В ночь на 24 апреля на Фурштатской улице нарушили тишину цокот копыт и легкое постукивание колес по мостовой. Напротив лютеранской церкви святой Анны, у дома, где жил Лавров, остановилась коляска. Из нее вышли два жандармских офицера и сам Лавров. Его только что забрали прямо из гостей и привезли домой, чтобы провести предписанный обыск в его присутствии.

Вот и кончилась для него благополучная жизнь. Но ведь рано или поздно это должно было случиться. Он это понимал и не был подавлен, напротив — как-то весело возбужден.

В квартире зажгли керосиновую лампу. Жандармы увидели, как много в его кабинете книг и бумаг (книги — до потолка, бумаги — повсюду), решили кабинет опечатать и обыск отложить.

Только утром 25 апреля с дверей кабинета сняли печати. Жандармы долго рылись в бумагах, перелистывали книги; сложили все подозрительное в несколько пакетов; сняли со стены и увезли с собой фотографический портрет Герцена.

Лавров остался дома и ожесточенно принялся приводить книги и бумаги в порядок, возвращать кабинету привычный вид. Вечером жандармы приехали снова, жандармский офицер потребовал у полковника Лаврова шпагу. Это уже означало арест. Он этого ждал…

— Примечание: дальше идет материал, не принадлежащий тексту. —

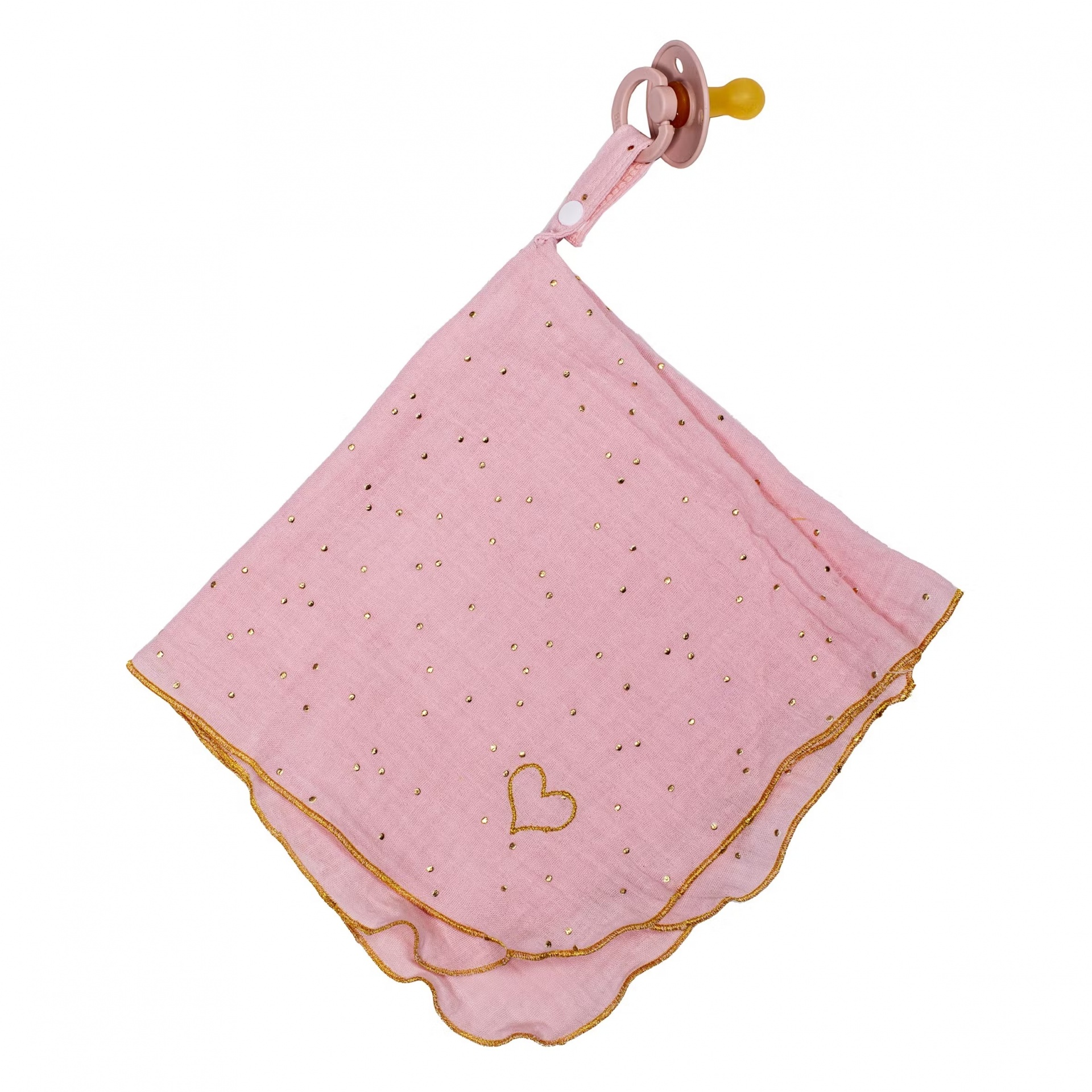 • Lenço rosa com pontos dourados, borda ondulada e chupeta rosa

Его отвезли на главную петербургскую гауптвахту — Ордонансгауз, желтое казарменное здание на Садовой улице, у Михайловского замка. Посадили в камеру с зарешеченным окном во двор.


Он сознавал, что его арест больше всего переживаний доставил матери, Елизавете Карловне. Для нее это был удар гораздо более тяжелый, чем для него самого.

Для матери он снимал квартиру в том же доме на Фурштатской, отдельно, так что арест произошел не в ее присутствии.

Не пришлось эту беду встретить его жене: ее уже не было в живых, совсем недавно он овдовел. Она была старше его, последнее время тяжело болела. В молодые годы она слыла красавицей, некогда сам Карл Брюллов предлагал написать с нее мадонну…

А Петр Лаврович и смолоду не был красив — рыжеволосый, с пушистыми усами, которые топорщились над губой. И отчаянно близорукий.

Жена у него была добрая, славная, хоть и далекая от его интересов, тем более — от политики. Сыновья, пожалуй, уродились в мать. Способностями оба, к сожалению, не отличались. Старший, семнадцатилетний Михаил, учился в последнем классе гимназии. Младший, десятилетний Сережа, был отдан в пансион, откуда его отпускали домой только на субботу и воскресенье.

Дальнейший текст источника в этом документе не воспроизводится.